Art design is not simply about what you see, it is about what you can make someone else see. Find courses that start with the exploration of art design fundamentals, ones that provide the experience suitable for beginning as well as advanced artists. Once you gain a basic understanding of how to see and describe something in visual terms, you can investigate expressive and experimental directions in your art designs.

Working with the dynamics of color has significant implications in the work of artists, illustrators, craftspeople and designers. The course you choose should explore the issue of color by developing creative exercises, look at studies from nature, the human environment using collage, paint and other art media. Look for or request projects that will facilitate in-depth exploration of the role of light, the psychological impact of color on the brain, and how such factors as hue, value and intensity affect artistic design. Historical background should be provided via lectures and power point presentations.

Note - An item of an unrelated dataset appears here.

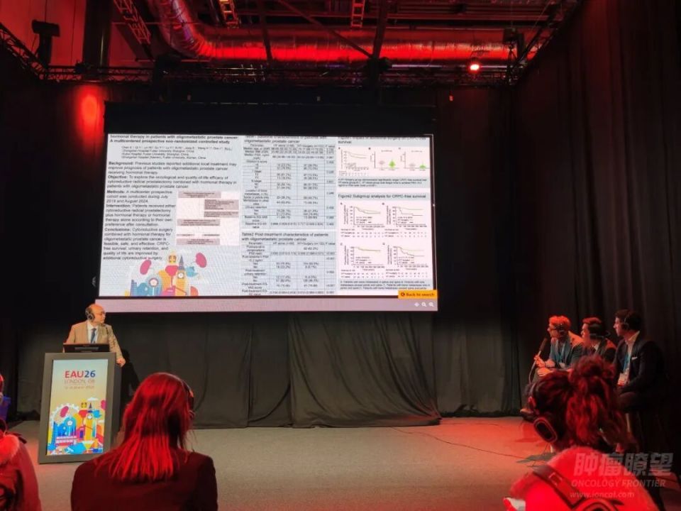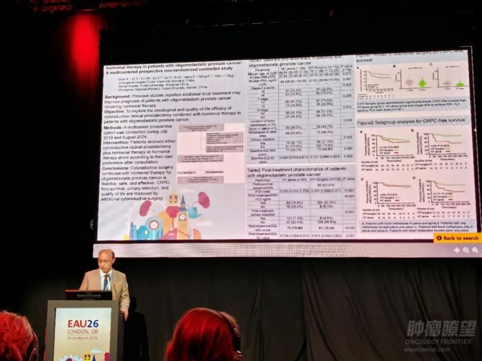 编者按:第41届欧洲泌尿外科学会年会于2026年3月13日至16日在英国伦敦举行,是全球泌尿外科领域最重要的学术平台之一。本次会议设立“Cytoreductive treatment in mHSPC”主题,旨在探索转移性前列腺癌领域前沿研究成果。复旦大学附属中山医院泌尿外科郭剑明教授团队主导的寡转移前列腺癌内分泌联合手术治疗方案(CHoM)凭借其创新的治疗理念成功入选该专题(摘要号:P0156),由徐磊医师在现场进行深度展示与交流。

As an artist you should be constantly researching new materials and inventing new creative processes to for a new piece. Find a multi-disciplinary course which will allow you to experiment with a lot of different media types in reaction to a specific site or location, for example, sound-based, sculptural, a drawing or a painting.

As for great artistic figurative sculpturing it must not be left untouched and let me say it does not just simply copy nature, indeed no, it takes the essential qualities that it needs from nature turning them into the beautiful visual language of three dimensional form. The artist's visual language is how the sculptor conceives of the figure and interprets anatomy. You must learn to think of the human body as an interconnected system full of layered forms. You will want to learn how to about combining close perceptual study of a posing model with a conceptual understanding of the human body's shapes and proportions, finally learning how to create your visualizations of the human figure. You really should include in your art design course studies critical thinking about what it means to represent the human body in your art.